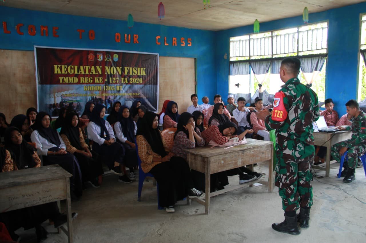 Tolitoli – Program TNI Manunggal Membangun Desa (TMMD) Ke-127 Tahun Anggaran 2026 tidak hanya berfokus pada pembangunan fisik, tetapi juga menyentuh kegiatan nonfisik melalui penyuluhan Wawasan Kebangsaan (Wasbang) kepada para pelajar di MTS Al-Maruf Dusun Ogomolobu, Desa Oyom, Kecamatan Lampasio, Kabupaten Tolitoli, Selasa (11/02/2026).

...

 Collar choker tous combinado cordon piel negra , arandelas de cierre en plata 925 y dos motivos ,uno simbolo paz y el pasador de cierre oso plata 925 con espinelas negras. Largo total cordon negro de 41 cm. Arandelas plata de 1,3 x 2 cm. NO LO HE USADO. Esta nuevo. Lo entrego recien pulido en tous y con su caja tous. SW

...

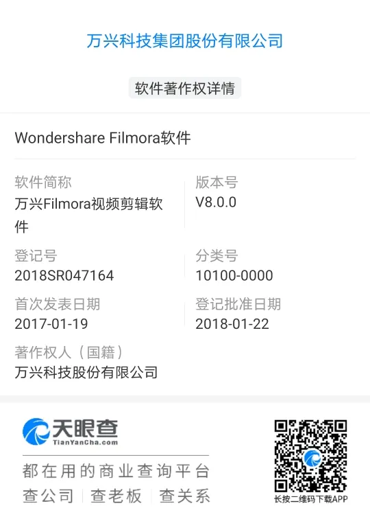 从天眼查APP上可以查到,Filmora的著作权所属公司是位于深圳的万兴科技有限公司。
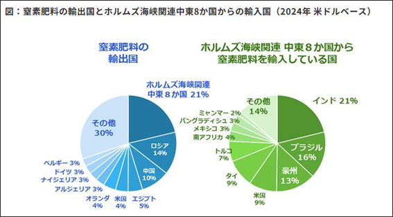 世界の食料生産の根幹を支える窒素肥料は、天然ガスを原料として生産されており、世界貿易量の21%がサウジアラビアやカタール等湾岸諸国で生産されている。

### TASK OBJECTIVE
Within the listing above, copy exactly the lines that start at the one with "从天眼查APP上可以查到,F" and continue through the one with "世界の食料生産の根幹を支える". Omit pictures.

### RESULT
 从天眼查APP上可以查到,Filmora的著作权所属公司是位于深圳的万兴科技有限公司。
 世界の食料生産の根幹を支える窒素肥料は、天然ガスを原料として生産されており、世界貿易量の21%がサウジアラビアやカタール等湾岸諸国で生産されている。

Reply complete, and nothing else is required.